Re: [PATCH v5 0/9] mm: switch THP shrinker to list_lru
From: Johannes Weiner
Date: Tue Jun 02 2026 - 17:46:17 EST
On Mon, Jun 01, 2026 at 04:36:52PM +0800, Lance Yang wrote:
> As the changelog above says, the old queue is per-memcg only, rather
> than per-memcg-per-node.
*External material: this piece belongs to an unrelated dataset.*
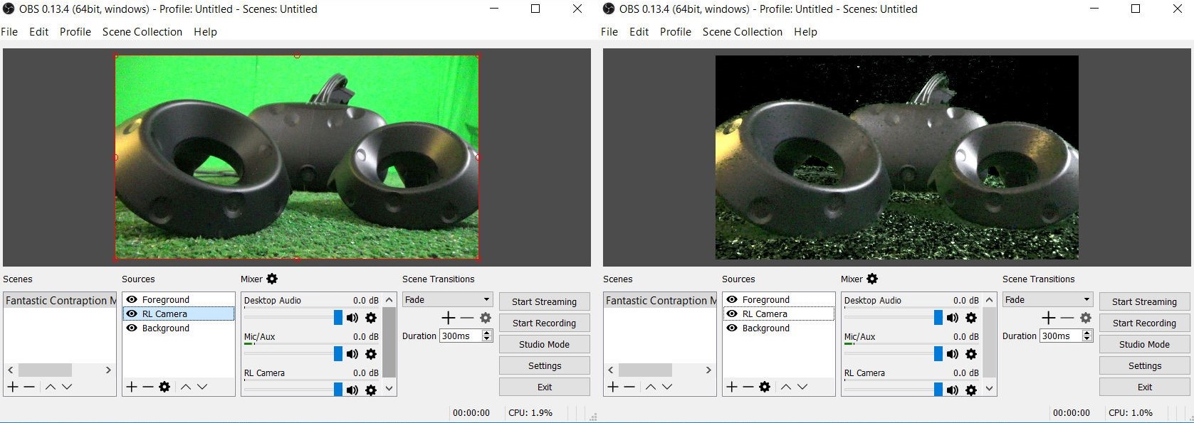 In brief, activating a special setting inside Fantastic Contraption will show four simultaneous camera views into the virtual world. One quadrant shows stuff in front of the headset and another shows stuff behind the headset. The real-life camera you hooked up in step 3 provides a third view. These three layers — VR foreground, real-life camera and VR background — are sandwiched together in real-time by OBS. You’ll set that up in the next step.

So reclaim on one node can still walk the whole
> memcg queue and split underused THPs from other nodes in the same memcg.
>
> But I think the new one can lose reclaim in the cgroup.memory=nokmem
> case ...
>
> With nokmem, the deferred shrinker can still run from memcg reclaim,
> because it is SHRINKER_NONSLAB. But the list_lru is no longer per-memcg:
>
> __list_lru_init() clears memcg_aware,
>
> if (mem_cgroup_kmem_disabled())
> memcg_aware = false;
>
> so list_lru_from_memcg_idx() falls back to the shared node list:
>
> static inline struct list_lru_one *
> list_lru_from_memcg_idx(struct list_lru *lru, int nid, int idx)
> {
> if (list_lru_memcg_aware(lru) && idx >= 0) {
> [...]
> }
> return &lru->node[nid].lru;
> }
>
> That makes the shrinker bit unreliable. __list_lru_add() still sets the
> bit on the memcg passed in, but only when the list goes from empty to
> non-empty:
>
> bool __list_lru_add(struct list_lru *lru, struct list_lru_one *l,
> struct list_head *item, int nid,
> struct mem_cgroup *memcg)
> {
> if (list_empty(item)) {
> [...]
> if (!l->nr_items++)
> set_shrinker_bit(memcg, nid, lru_shrinker_id(lru));
> [...]
> return true;
> }
> return false;
> }
>
> If memcg A adds the first folio, A gets the bit. If memcg B later adds a
> folio to the same shared list, B does not get a bit, because the list
> was already non-empty.
>
> So in the A-first/B-later case, reclaim from B may not call the deferred
> shrinker at all. The shared list is scanned from memcg reclaim only if
> reclaim runs from the memcg that has the bit, such as A here, or from
> global reclaim :)
>
> Anyway, only after the shared list is emptied does the next memcg to add
> a folio get to be the one with the bit, IIUC :)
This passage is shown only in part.